Isolated island microgrids historically rely on unstable, carbon-intensive thermal energy generation via fossil fuel imports. While integrating renewable energy resources can mitigate severe ecosystem risks, high short-term meteorological variability complicates grid stabilization and planning. The Galapagos Islands, which lack a connection to the Ecuador national grid, face this fundamental tension as they continue to deploy more wind and solar infrastructure.
We propose a solar nowcasting framework trained exclusively on ground-based meteorological data from the El Junco weather station, located 700 m above sea level on San Cristóbal Island, Galapagos. Utilizing a 49-feature architecture engineered entirely from pre-existing instruments, we developed six independent Extreme Gradient Boosting (XGBoost) regression models.

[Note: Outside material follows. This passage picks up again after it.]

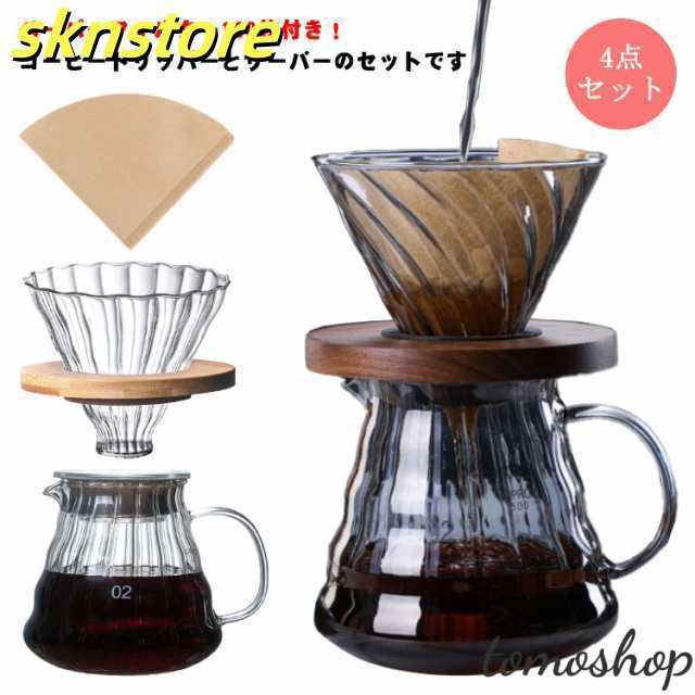 コーヒードリッパー 600ml/350ml 2?4人分 ドリッパー ガラス コーヒーサーバーとサーバーセット ハンドドリップ おしゃれ 珈琲ドリッパー 耐熱ガラス ペーパーフィルター 100枚付き

Each regressor is trained to forecast changes in solar radiation across 30- to 180-minute horizons.
The experimental framework significantly outperforms both standard persistence and climatology baselines across all tested horizons. The models yield a Mean Absolute Error ranging from 34.57 W/m² at the +30-minute horizon to 61.74 W/m² at +180 minutes. Furthermore, feature importance evaluations via SHAP analytics verify that the underlying machine learning models base their predictions on physically coherent dynamics, heavily prioritizing cyclical temporal features alongside current and lagged solar radiation values.

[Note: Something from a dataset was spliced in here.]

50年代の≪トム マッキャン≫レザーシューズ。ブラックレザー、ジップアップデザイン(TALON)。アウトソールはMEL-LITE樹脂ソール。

Accurate short-term solar forecasting for isolated environments is fully achievable using an existing ground weather station network, reducing the dependency on satellite imagery, numerical models, or costly additional sensor deployment. This strategy provides a replicable tool that empowers grid operators to anticipate solar generation changes, facilitating the broader renewable energy transition of isolated microgrids worldwide.